### Data records:
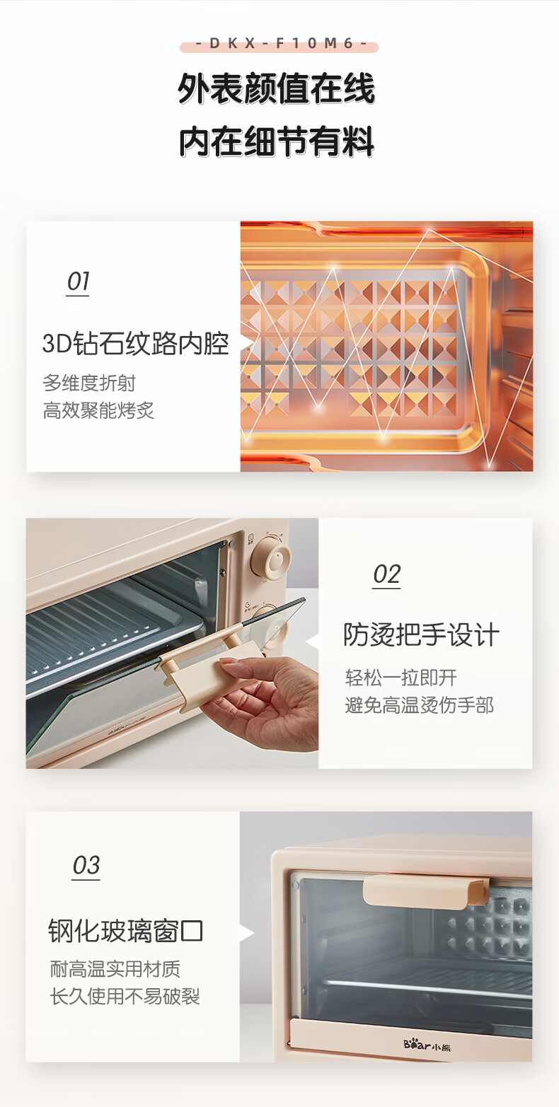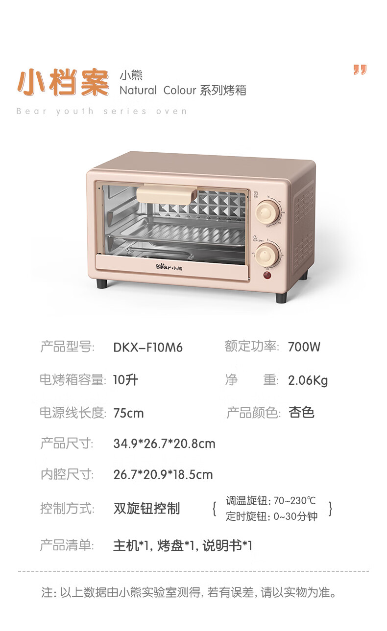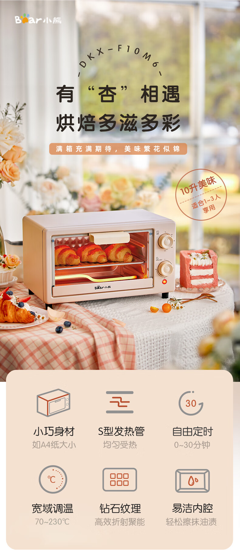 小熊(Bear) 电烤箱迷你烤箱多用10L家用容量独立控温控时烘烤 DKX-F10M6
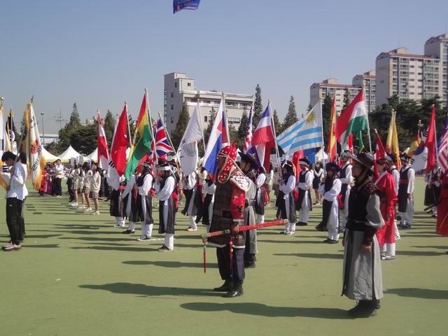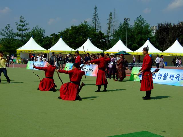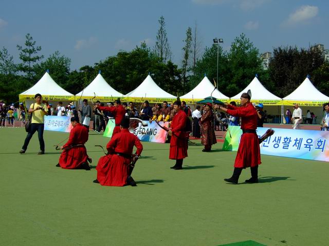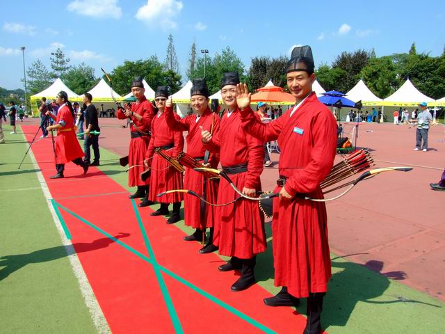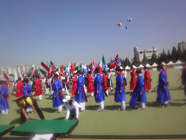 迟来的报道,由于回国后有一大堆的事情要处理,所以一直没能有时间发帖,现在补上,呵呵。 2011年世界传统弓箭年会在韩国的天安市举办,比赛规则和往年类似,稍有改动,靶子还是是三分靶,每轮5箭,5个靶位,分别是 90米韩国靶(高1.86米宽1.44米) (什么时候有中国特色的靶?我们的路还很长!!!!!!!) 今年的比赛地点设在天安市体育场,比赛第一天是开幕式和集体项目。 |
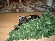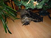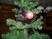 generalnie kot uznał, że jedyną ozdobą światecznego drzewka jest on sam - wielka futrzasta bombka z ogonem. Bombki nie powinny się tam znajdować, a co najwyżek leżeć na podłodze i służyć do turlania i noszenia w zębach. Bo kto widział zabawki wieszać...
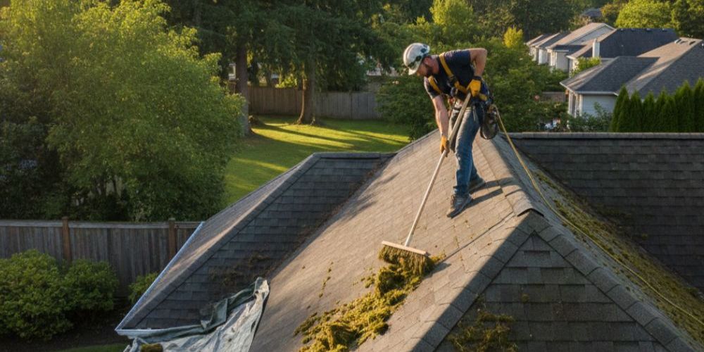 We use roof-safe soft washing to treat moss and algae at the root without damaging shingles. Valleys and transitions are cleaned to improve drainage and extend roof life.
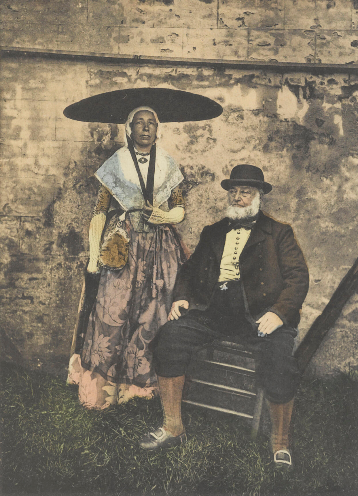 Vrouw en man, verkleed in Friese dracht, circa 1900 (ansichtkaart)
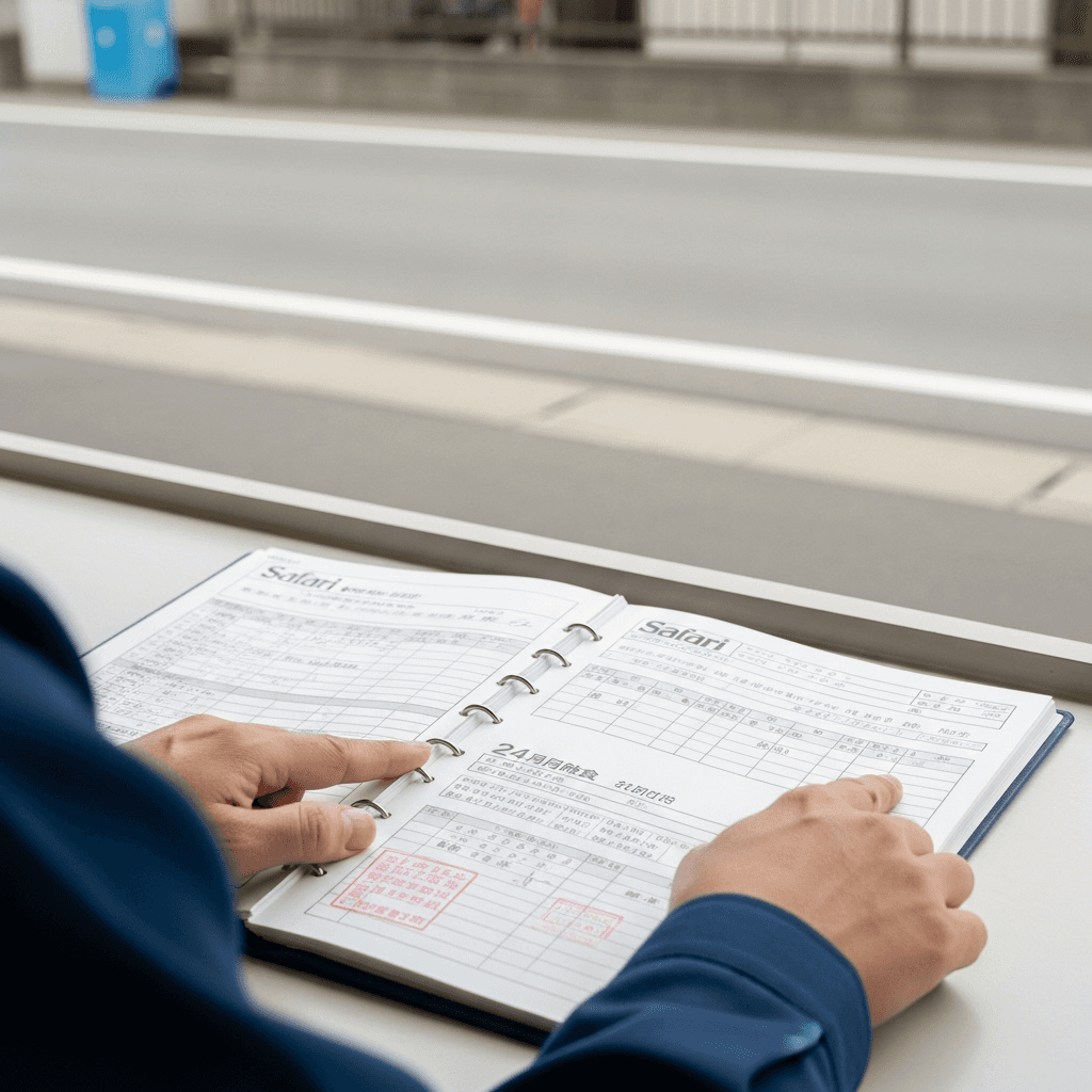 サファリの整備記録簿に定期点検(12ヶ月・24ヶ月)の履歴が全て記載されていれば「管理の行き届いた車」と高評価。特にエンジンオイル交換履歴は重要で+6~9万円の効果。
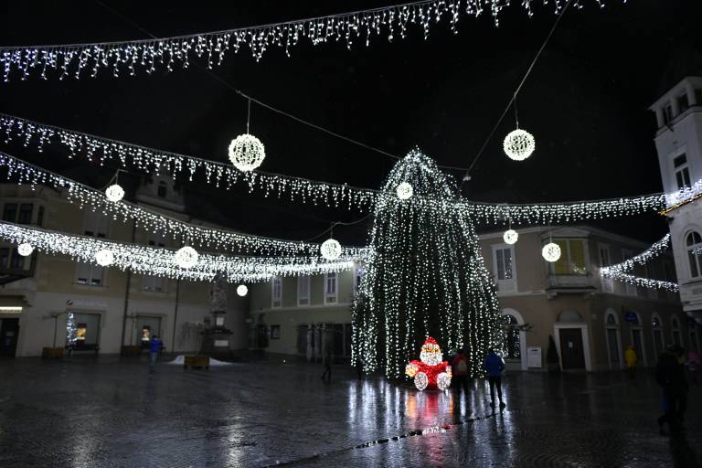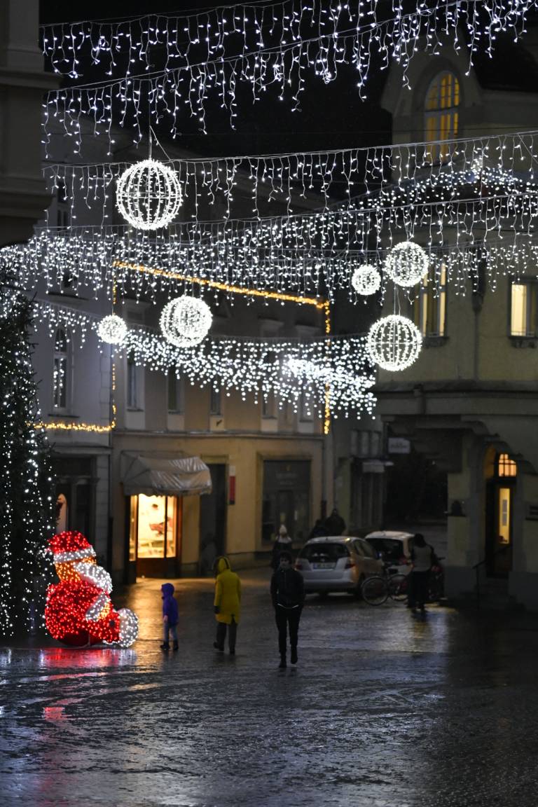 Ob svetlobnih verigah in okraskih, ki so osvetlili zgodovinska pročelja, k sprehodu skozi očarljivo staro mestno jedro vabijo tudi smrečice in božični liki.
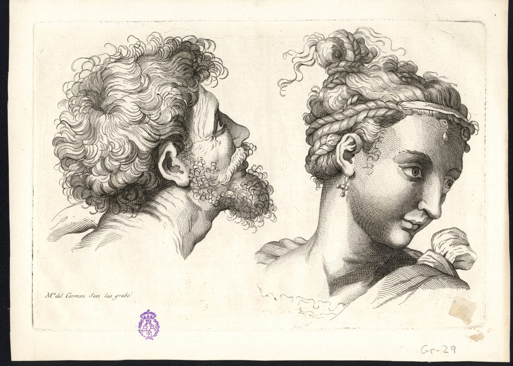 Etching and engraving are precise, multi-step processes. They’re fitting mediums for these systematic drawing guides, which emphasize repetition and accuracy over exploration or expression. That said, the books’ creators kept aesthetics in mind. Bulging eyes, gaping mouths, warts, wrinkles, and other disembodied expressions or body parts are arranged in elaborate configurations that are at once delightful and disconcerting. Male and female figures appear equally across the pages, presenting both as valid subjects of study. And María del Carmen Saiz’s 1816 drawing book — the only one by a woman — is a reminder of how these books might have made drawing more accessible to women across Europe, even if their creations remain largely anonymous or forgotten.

### Work request:
Write out all of the data above exactly, pictures excluded.

### Exercise solution:
 小熊(Bear) 电烤箱迷你烤箱多用10L家用容量独立控温控时烘烤 DKX-F10M6
 迟来的报道,由于回国后有一大堆的事情要处理,所以一直没能有时间发帖,现在补上,呵呵。 2011年世界传统弓箭年会在韩国的天安市举办,比赛规则和往年类似,稍有改动,靶子还是是三分靶,每轮5箭,5个靶位,分别是 90米韩国靶(高1.86米宽1.44米) (什么时候有中国特色的靶?我们的路还很长!!!!!!!) 今年的比赛地点设在天安市体育场,比赛第一天是开幕式和集体项目。 |
 generalnie kot uznał, że jedyną ozdobą światecznego drzewka jest on sam - wielka futrzasta bombka z ogonem. Bombki nie powinny się tam znajdować, a co najwyżek leżeć na podłodze i służyć do turlania i noszenia w zębach. Bo kto widział zabawki wieszać...
 We use roof-safe soft washing to treat moss and algae at the root without damaging shingles. Valleys and transitions are cleaned to improve drainage and extend roof life.
 Vrouw en man, verkleed in Friese dracht, circa 1900 (ansichtkaart)
 サファリの整備記録簿に定期点検(12ヶ月・24ヶ月)の履歴が全て記載されていれば「管理の行き届いた車」と高評価。特にエンジンオイル交換履歴は重要で+6~9万円の効果。
 Ob svetlobnih verigah in okraskih, ki so osvetlili zgodovinska pročelja, k sprehodu skozi očarljivo staro mestno jedro vabijo tudi smrečice in božični liki.
 Etching and engraving are precise, multi-step processes. They’re fitting mediums for these systematic drawing guides, which emphasize repetition and accuracy over exploration or expression. That said, the books’ creators kept aesthetics in mind. Bulging eyes, gaping mouths, warts, wrinkles, and other disembodied expressions or body parts are arranged in elaborate configurations that are at once delightful and disconcerting. Male and female figures appear equally across the pages, presenting both as valid subjects of study. And María del Carmen Saiz’s 1816 drawing book — the only one by a woman — is a reminder of how these books might have made drawing more accessible to women across Europe, even if their creations remain largely anonymous or forgotten.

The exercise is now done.